Would you please transcribe, exactly as written, the lines of the entries below starting at the one that holds "Lommemoskop med 60x" and ending at the one that holds "Offering the finest", both included?

Recorded information:
——
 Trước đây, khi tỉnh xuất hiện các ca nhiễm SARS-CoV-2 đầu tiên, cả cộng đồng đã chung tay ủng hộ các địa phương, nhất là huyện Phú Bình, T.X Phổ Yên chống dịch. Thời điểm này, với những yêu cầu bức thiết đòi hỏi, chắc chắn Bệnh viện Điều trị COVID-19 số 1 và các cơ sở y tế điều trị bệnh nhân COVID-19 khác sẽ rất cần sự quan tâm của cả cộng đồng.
——
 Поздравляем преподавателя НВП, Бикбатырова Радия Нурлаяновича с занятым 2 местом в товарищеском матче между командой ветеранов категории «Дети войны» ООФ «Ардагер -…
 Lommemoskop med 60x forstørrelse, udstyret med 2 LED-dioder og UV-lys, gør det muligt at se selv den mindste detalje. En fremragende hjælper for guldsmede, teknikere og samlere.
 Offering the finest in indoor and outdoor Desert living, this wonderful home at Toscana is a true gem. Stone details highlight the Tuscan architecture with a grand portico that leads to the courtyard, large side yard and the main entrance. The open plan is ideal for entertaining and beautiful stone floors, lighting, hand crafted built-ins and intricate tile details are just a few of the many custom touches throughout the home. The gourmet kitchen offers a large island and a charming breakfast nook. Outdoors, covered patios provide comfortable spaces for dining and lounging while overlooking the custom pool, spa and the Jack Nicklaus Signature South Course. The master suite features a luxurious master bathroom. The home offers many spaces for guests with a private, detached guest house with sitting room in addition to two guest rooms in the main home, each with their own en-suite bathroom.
——
Solution:
 Lommemoskop med 60x forstørrelse, udstyret med 2 LED-dioder og UV-lys, gør det muligt at se selv den mindste detalje. En fremragende hjælper for guldsmede, teknikere og samlere.
 Offering the finest in indoor and outdoor Desert living, this wonderful home at Toscana is a true gem. Stone details highlight the Tuscan architecture with a grand portico that leads to the courtyard, large side yard and the main entrance. The open plan is ideal for entertaining and beautiful stone floors, lighting, hand crafted built-ins and intricate tile details are just a few of the many custom touches throughout the home. The gourmet kitchen offers a large island and a charming breakfast nook. Outdoors, covered patios provide comfortable spaces for dining and lounging while overlooking the custom pool, spa and the Jack Nicklaus Signature South Course. The master suite features a luxurious master bathroom. The home offers many spaces for guests with a private, detached guest house with sitting room in addition to two guest rooms in the main home, each with their own en-suite bathroom.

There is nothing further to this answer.